Brazzaville - At least eight people have died along Congo's north-western border with Gabon due to a disease caused by an Ebola-like virus, according to updated figures released by the health minister on Wednesday.

The minister, Alphonse Gando, said the mysterious, disease had claimed eight lives since May 4 among 11 cases recorded in the Itoumbi and Mbomo districts, located respectively 700km and 900km north-west of the capital of the Central African country.

Health officials were trying to find 56 people suspected of close contact with the dead and sick patients, the ministry said. Ebola is a highly contagious disease.

According to information collected by health officials, the first cases appeared among Itoumbi villagers who had gone elephant hunting in the bush.

"All the victims were great hunters. They touched a monkey they found dead in the forest and then ate it," Gando said. This is one way an Ebola outbreak can start.

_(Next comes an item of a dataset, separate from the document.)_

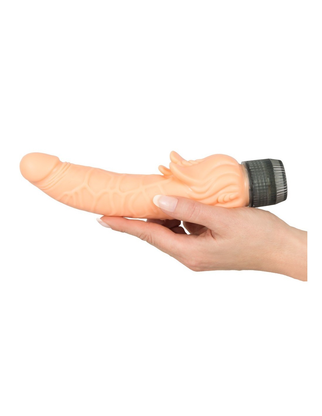 Forte vibratore color pelle con un tenero solletico al clitoride. Con vibrazioni a più velocità.

Northern Gabon and Congo have been hit by several Ebola epidemics which have claimed 361 lives since 1994.

In Angola, the Ebola-like Marburg virus has so far killed 284 people, mostly in the northern province of Uige, where the world's deadliest outbreak of the rare disease started six months ago. Both viral infections spread through contact with bodily fluids.

The incubation period for the virus, or the amount of time it takes between when patients are infected and fall ill, can be as long as 21 days.

There is no cure for the virus, whose exact origin is unknown and which was first detected in 1967 when West German laboratory workers in the town of Marburg were infected by monkeys from Uganda.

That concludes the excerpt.